Jupiter’s unknown journey through the early solar system revealed
It is known that gas giants around other stars are often located very near their sun. According to accepted theory, these gas planets were formed far away and subsequently migrated to an orbit closer to the star. Now, researchers from Lund University and other institutions have used advanced computer simulations to learn more about Jupiter’s journey through our own solar system approximately 4.5 billion years ago. At that time, Jupiter was quite recently formed, as were the other planets in the solar system. The planets were gradually built up by cosmic dust, which circled around our young sun in a disk of gas and particles. Jupiter was no larger than our own planet.
The results show that Jupiter was formed four times further from the sun than its current position would indicate. “This is the first time we have proof that Jupiter was formed a long way from the sun and then migrated to its current orbit. We found evidence of the migration in the Trojan asteroids orbiting close to Jupiter,” explains Simona Pirani, doctoral student in astronomy at Lund University, and the lead author of the study.
These Trojan asteroids consist of two groups of thousands of asteroids that reside at the same distance from the Sun as Jupiter, but orbiting in front of and behind Jupiter, respectively. There are approximately 50 per cent more Trojans in front of Jupiter than behind it. It is this asymmetry that became the key to the researchers’ understanding of Jupiter’s migration.

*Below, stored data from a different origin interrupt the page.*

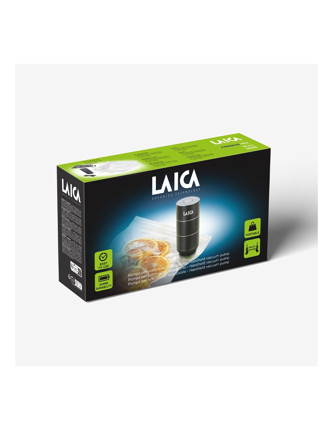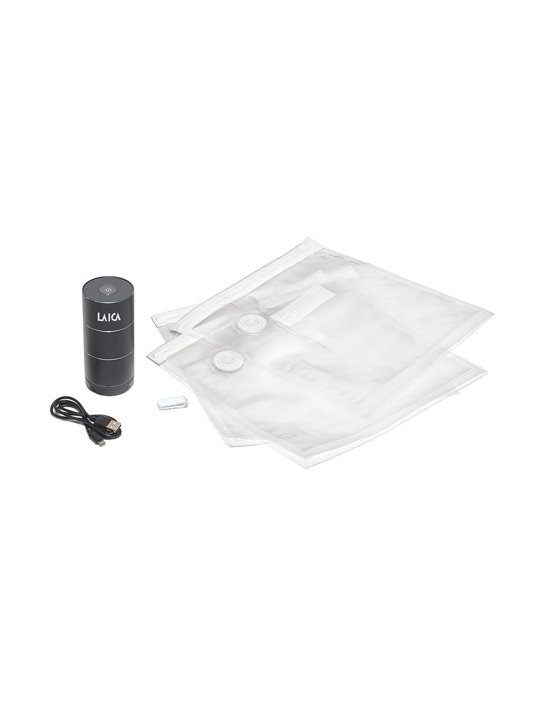 Bomba de vacío portátil, con batería de litio recargable con duración estimada de 70 min, fabricada en metal, funcionamiento automático, compatible con los recipientes de vidrio para vacío vt3306 y vt3307 (no incluidos). incluye cable de carga micro usb, 2 piezas para cerrar las bolsas herméticamente y 10 bolsas reutilizables vt3522 de 20 x 23 cm. dimensiones: ø4,9 x 11 cm
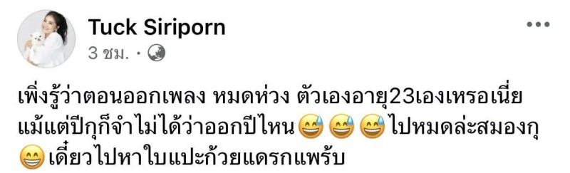 ไม่นานก็มีคำตอบ เมื่อเจ้าของภาพคือ ตั๊ก ศิริพร อยู่ยอด ศิลปินรุ่นใหญ่ที่แฟนเพลงคุ้นเคยกันดี โดยเจ้าตัวนำภาพสมัยวัย 23 ปีมาโพสต์เอง พร้อมข้อความแซวตัวเองแบบอารมณ์ดี ทำเอาแฟนๆ เข้ามาคอมเมนต์กันรัวๆ
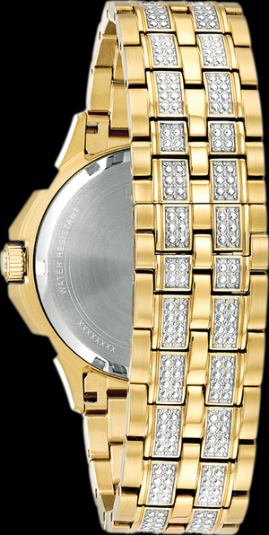 Caja de acero inoxidable dorado adornada con cristales Swarovski © 308 en el bisel, brazalete y esfera, movimiento multifunción, brazalete de acero inoxidable dorado con cierre desplegable y resistencia al agua hasta 30 metros.
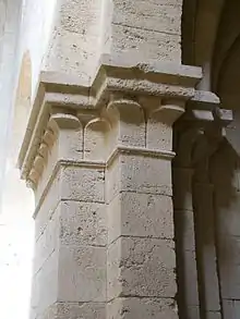 The abbey church was constructed between 1175 and 1230 in predominantly Romanesque style with some Gothic elements on the highest part of the terrain. The building, a basilica with transepts, has a pointed barrel vault, with a plain ribbed vault at the crossing, on substantial cruciform columns, the capitals of which, in the form of very simple foliage motifs, are very finely carved.
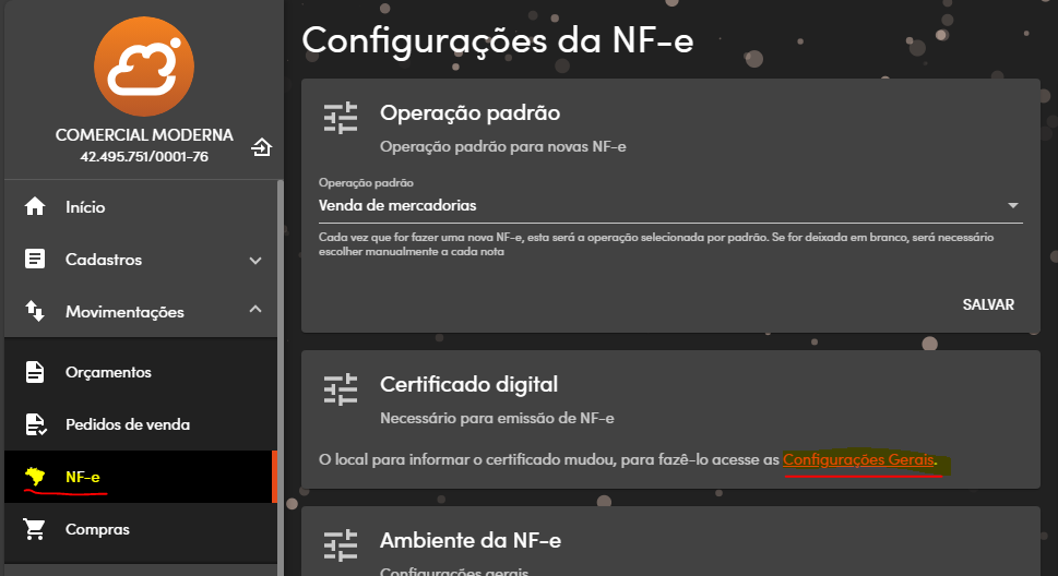 CERTIFICADO DIGITAL – GDOOR WEB Por Fransini OliveiraEm GDOORPostou outubro 9, 20230 comentário(s) Gweb> Movimentações> NF-e> Configurações da NF-e> Configurações> Certificado Digital

“The asymmetry has always been a mystery in the solar system,” says Anders Johansen, professor of astronomy at Lund University. Indeed, the research community had previously been unable to explain why the two asteroid groups do not contain the same number of asteroids. However, Simona Pirani and Anders Johansen, together with other colleagues, have now identified the reason by recreating the course of events of Jupiter’s formation and how the planet gradually drew in its Trojan asteroids.
Thanks to extensive computer simulations, the researchers have calculated that the current asymmetry could only have occurred if Jupiter was formed four times further out in the solar system and subsequently migrated to its current position. During its journey toward the sun, Jupiter’s own gravity then drew in more Trojans in front of it than behind it.